### TASK GOAL
Every entry that follows should be repeated exactly; drop the images.

####

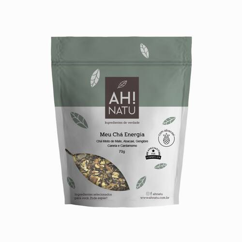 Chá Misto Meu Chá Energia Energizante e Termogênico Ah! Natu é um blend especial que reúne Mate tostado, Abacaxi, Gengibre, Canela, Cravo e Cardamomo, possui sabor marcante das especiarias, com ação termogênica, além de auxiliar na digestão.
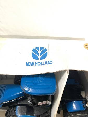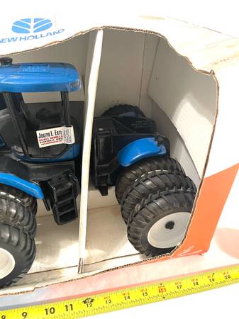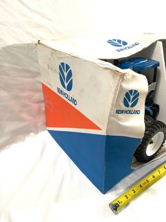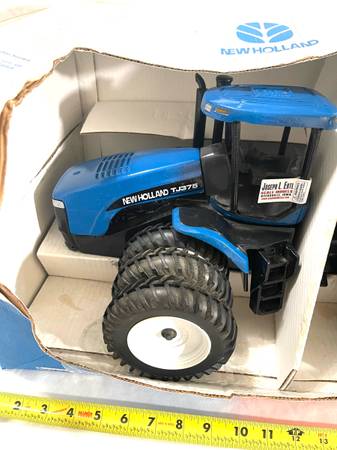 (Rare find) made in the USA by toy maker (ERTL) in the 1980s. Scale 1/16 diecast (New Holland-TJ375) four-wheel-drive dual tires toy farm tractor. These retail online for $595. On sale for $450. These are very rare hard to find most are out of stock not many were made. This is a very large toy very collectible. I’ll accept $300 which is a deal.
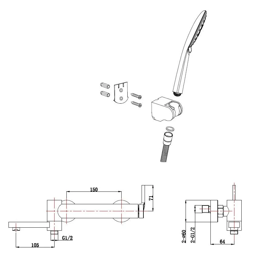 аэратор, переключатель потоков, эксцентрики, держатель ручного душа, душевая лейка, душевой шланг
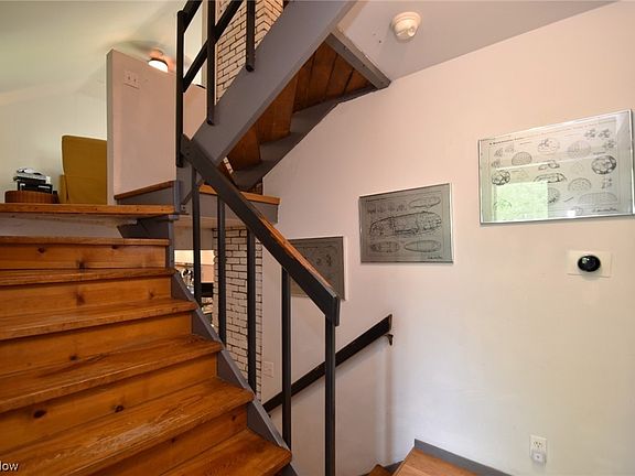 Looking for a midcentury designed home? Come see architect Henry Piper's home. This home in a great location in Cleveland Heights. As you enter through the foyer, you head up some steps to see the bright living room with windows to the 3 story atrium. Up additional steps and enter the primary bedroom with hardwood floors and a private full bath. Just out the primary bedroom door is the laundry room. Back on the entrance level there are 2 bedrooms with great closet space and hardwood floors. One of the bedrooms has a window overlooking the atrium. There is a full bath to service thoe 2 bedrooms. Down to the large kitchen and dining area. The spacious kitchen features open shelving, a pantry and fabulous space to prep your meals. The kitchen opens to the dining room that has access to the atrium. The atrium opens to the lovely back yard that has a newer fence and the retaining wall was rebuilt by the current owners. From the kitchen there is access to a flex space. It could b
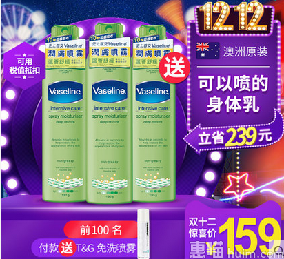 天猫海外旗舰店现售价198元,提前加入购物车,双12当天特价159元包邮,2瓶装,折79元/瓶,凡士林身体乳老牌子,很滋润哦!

####

### RESPONSE
 Chá Misto Meu Chá Energia Energizante e Termogênico Ah! Natu é um blend especial que reúne Mate tostado, Abacaxi, Gengibre, Canela, Cravo e Cardamomo, possui sabor marcante das especiarias, com ação termogênica, além de auxiliar na digestão.
 (Rare find) made in the USA by toy maker (ERTL) in the 1980s. Scale 1/16 diecast (New Holland-TJ375) four-wheel-drive dual tires toy farm tractor. These retail online for $595. On sale for $450. These are very rare hard to find most are out of stock not many were made. This is a very large toy very collectible. I’ll accept $300 which is a deal.
 аэратор, переключатель потоков, эксцентрики, держатель ручного душа, душевая лейка, душевой шланг
 Looking for a midcentury designed home? Come see architect Henry Piper's home. This home in a great location in Cleveland Heights. As you enter through the foyer, you head up some steps to see the bright living room with windows to the 3 story atrium. Up additional steps and enter the primary bedroom with hardwood floors and a private full bath. Just out the primary bedroom door is the laundry room. Back on the entrance level there are 2 bedrooms with great closet space and hardwood floors. One of the bedrooms has a window overlooking the atrium. There is a full bath to service thoe 2 bedrooms. Down to the large kitchen and dining area. The spacious kitchen features open shelving, a pantry and fabulous space to prep your meals. The kitchen opens to the dining room that has access to the atrium. The atrium opens to the lovely back yard that has a newer fence and the retaining wall was rebuilt by the current owners. From the kitchen there is access to a flex space. It could b
 天猫海外旗舰店现售价198元,提前加入购物车,双12当天特价159元包邮,2瓶装,折79元/瓶,凡士林身体乳老牌子,很滋润哦!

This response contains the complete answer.